» **Exercise data**
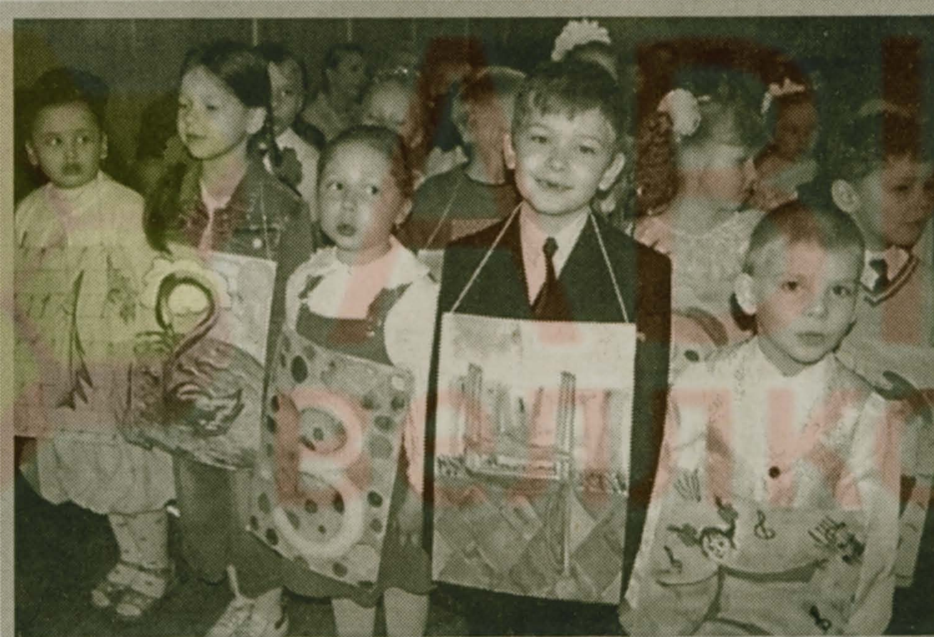
А незадолго перед тем состоялся выпускной утренник «нулевого» подготовительного класса «Сказки». Репортаж об этом событии - на стр.3.
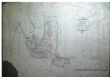
Cadastre de 1825 (Service du cadastre, Abbeville).

IVR22_20038000580NUCAB
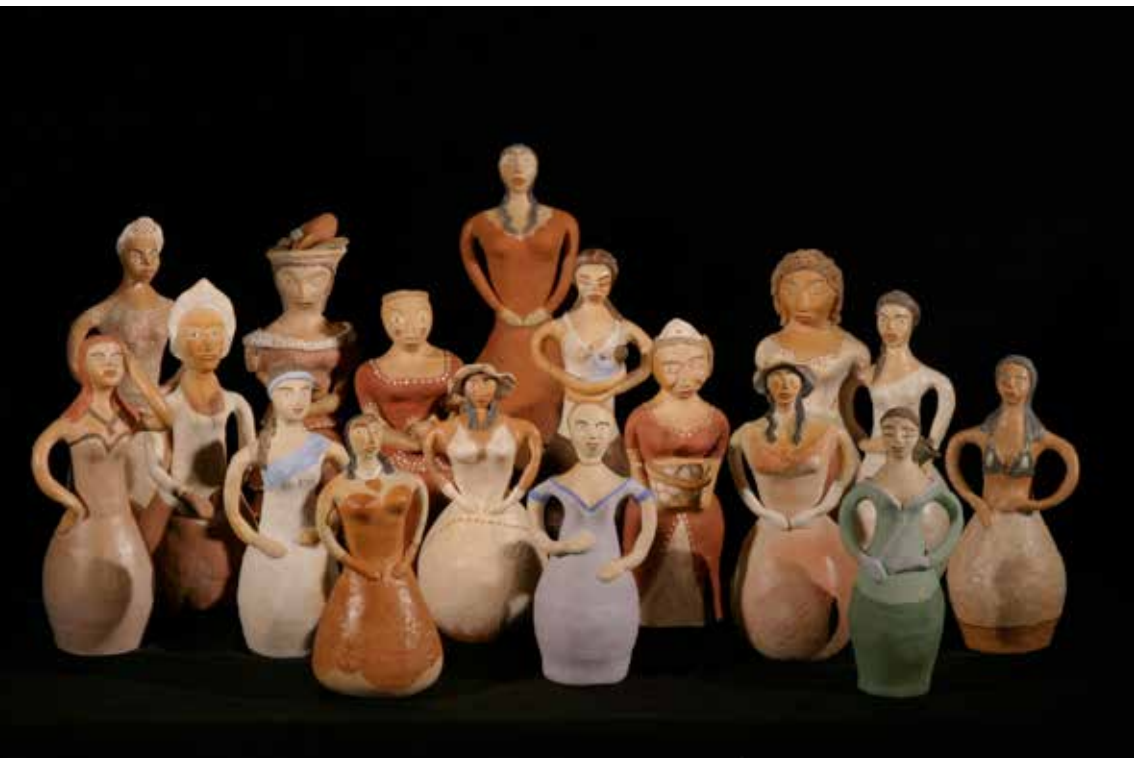
Figuras de barro, Brasil, s/f.
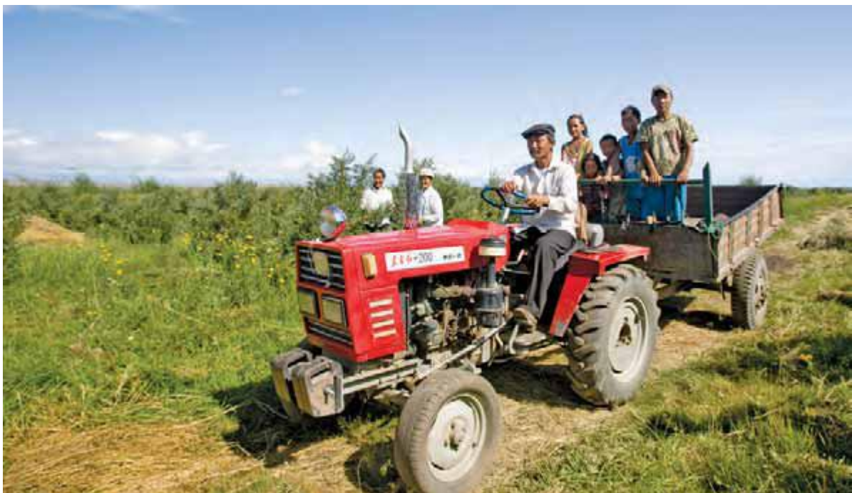
کشاورزان مغول از طرحی بهره مند می شوند که توسط برنامه توسعه ملل متحد اداره شده و به آنان امکان می دهد زمین های بلا استفاده را به پارک های کشاورزی مبدل سازند.
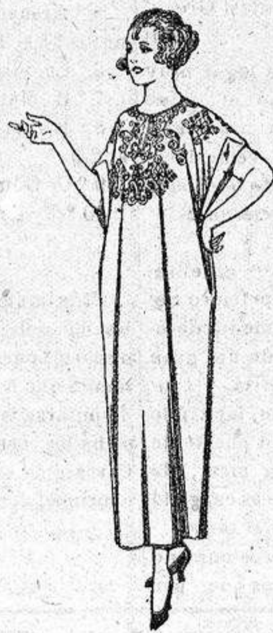
Batas de crespón, voile, etc., adornos bordados, de ptas. 14 a 22
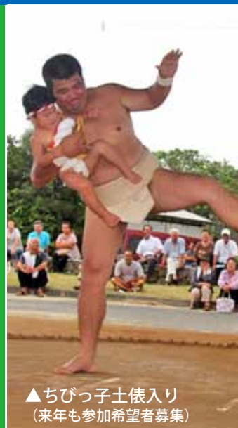
▲ちびっ子土俵入り (来年も参加希望者募集)

» **Task details**
Your answer should be the lines from the line containing "کشاورزان مغول از" through the end of the listing above, output exactly and alone, without the pictures.

» **Answer box**
کشاورزان مغول از طرحی بهره مند می شوند که توسط برنامه توسعه ملل متحد اداره شده و به آنان امکان می دهد زمین های بلا استفاده را به پارک های کشاورزی مبدل سازند.
Batas de crespón, voile, etc., adornos bordados, de ptas. 14 a 22
▲ちびっ子土俵入り (来年も参加希望者募集)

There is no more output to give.